No to ci znajomi mało wiedzą lub się nie dzielą informacjami, ale to nie Twoja wina. Nie broń do upadłego tego, co jest nie do obrony. Bogaci parlamentarzyści UE sporo zarabiają, mają mnóstwo przywilejów a i tak brali łapówki, więc Twoje argumenty są nietrafione Albo ktoś jest uczciwy albo nie i kropka.
Tylko, że tamci biorą, bo są bezkarni.
 
Żenujace są próby relatywizacji na tym wątku zachowań korupcyjnych. Ludzie opamiętajcie nie ma usprawiedliwienia dla zachowań korupcyjnych.

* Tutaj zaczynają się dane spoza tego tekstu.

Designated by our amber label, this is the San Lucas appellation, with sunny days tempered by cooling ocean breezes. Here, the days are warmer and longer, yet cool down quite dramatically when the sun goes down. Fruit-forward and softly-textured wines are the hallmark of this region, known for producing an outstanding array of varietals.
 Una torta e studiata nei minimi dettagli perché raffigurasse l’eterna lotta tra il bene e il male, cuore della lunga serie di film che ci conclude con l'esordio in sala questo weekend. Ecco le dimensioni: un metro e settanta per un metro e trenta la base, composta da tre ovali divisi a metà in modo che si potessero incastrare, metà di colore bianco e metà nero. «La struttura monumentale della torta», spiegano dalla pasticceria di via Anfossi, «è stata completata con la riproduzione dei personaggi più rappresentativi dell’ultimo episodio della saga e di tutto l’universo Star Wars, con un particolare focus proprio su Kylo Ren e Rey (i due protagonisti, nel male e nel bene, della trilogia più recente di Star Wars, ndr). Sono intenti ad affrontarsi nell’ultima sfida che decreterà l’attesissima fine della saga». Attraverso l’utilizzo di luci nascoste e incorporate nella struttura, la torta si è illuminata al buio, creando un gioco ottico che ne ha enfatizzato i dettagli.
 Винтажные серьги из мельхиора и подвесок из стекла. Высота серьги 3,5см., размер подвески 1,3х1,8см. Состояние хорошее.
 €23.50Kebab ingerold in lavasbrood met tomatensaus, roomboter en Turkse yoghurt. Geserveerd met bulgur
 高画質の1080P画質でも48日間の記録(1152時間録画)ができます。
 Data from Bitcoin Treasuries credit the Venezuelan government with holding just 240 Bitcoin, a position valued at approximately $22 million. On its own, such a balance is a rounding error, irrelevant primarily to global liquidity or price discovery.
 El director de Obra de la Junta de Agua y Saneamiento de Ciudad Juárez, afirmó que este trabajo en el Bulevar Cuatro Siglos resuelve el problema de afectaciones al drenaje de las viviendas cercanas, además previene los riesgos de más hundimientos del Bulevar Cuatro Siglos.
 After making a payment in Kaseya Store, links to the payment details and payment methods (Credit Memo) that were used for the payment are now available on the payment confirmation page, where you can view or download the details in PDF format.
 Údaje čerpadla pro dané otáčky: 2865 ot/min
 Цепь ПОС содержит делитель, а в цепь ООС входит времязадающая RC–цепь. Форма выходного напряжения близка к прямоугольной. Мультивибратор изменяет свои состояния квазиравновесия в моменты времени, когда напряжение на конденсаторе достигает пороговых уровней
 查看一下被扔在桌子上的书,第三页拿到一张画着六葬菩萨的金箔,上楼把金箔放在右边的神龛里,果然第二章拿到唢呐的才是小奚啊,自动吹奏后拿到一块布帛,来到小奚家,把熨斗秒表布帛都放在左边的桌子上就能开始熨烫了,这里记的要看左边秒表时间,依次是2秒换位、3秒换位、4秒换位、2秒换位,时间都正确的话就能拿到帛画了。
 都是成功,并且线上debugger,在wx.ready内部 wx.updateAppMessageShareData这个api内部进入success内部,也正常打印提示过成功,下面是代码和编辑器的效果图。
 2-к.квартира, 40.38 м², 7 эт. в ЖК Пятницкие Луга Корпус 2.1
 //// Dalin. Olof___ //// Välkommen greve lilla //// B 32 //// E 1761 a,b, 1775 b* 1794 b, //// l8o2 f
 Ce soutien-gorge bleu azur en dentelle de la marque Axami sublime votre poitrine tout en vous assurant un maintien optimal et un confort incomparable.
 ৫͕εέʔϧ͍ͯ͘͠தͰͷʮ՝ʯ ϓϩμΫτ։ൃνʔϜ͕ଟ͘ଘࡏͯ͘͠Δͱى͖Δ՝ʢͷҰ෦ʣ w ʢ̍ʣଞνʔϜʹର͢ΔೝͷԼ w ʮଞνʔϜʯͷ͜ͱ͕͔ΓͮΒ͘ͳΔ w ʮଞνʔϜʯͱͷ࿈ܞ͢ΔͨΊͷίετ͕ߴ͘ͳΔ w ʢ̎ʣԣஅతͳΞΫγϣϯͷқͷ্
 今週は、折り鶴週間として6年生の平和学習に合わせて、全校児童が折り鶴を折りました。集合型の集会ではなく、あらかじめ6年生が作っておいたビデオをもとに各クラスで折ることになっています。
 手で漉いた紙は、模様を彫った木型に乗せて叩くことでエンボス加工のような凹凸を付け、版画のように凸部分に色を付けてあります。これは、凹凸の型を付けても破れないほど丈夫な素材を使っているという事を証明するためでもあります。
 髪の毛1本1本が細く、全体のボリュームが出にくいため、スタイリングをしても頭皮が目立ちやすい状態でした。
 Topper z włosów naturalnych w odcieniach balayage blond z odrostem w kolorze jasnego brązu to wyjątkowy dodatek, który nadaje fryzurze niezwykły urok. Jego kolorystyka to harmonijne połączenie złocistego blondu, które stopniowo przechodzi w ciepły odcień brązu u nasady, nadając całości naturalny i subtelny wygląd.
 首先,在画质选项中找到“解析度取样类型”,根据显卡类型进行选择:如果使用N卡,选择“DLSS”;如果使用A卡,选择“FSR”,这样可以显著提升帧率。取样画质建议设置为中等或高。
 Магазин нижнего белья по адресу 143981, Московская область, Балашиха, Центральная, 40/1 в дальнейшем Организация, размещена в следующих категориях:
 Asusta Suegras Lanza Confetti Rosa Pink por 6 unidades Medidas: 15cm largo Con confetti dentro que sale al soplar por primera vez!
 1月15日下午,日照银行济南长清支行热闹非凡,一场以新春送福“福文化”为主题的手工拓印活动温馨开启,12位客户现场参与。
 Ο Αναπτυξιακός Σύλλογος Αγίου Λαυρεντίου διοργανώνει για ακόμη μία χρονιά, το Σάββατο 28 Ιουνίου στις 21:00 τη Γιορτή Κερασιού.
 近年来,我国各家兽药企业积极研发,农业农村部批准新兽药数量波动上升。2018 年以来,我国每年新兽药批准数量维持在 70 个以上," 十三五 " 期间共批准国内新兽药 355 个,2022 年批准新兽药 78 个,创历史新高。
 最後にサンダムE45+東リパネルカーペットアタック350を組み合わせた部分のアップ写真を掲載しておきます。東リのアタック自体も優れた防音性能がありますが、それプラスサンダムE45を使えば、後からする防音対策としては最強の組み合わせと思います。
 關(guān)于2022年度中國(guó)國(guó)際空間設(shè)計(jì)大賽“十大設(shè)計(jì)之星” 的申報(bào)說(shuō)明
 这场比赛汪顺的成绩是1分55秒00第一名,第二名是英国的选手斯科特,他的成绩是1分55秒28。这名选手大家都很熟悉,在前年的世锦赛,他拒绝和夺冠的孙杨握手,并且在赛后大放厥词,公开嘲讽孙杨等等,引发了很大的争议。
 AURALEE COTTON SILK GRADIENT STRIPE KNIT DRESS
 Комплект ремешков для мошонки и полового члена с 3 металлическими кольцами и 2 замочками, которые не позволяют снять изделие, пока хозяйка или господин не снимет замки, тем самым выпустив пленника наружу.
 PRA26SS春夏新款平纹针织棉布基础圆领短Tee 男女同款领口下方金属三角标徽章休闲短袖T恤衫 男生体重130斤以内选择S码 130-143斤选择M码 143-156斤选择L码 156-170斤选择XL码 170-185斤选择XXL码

A kiedy ja próbuje usprawiedliwiać korupcję? Napisałem wyraźnie, ze każde takie zachowanie należy surowo karać. Ale skoro problem występuje u nas w największej skali, to znaczy że albo idzie do nas najwięcej łapówkarzy (gdzie inne służby ich odsiewają) albo problem leży gdzieś indziej (w mojej ocenie w niskich zarobkach, bo skoro w innych służbach zarabia się więcej a problem korupcji jest mniejszy to jest to potwierdzenie mojej tezy). Chyba, ze ktoś ma trzeci pomysł skąd wynika ta zależność, chętnie posłucham.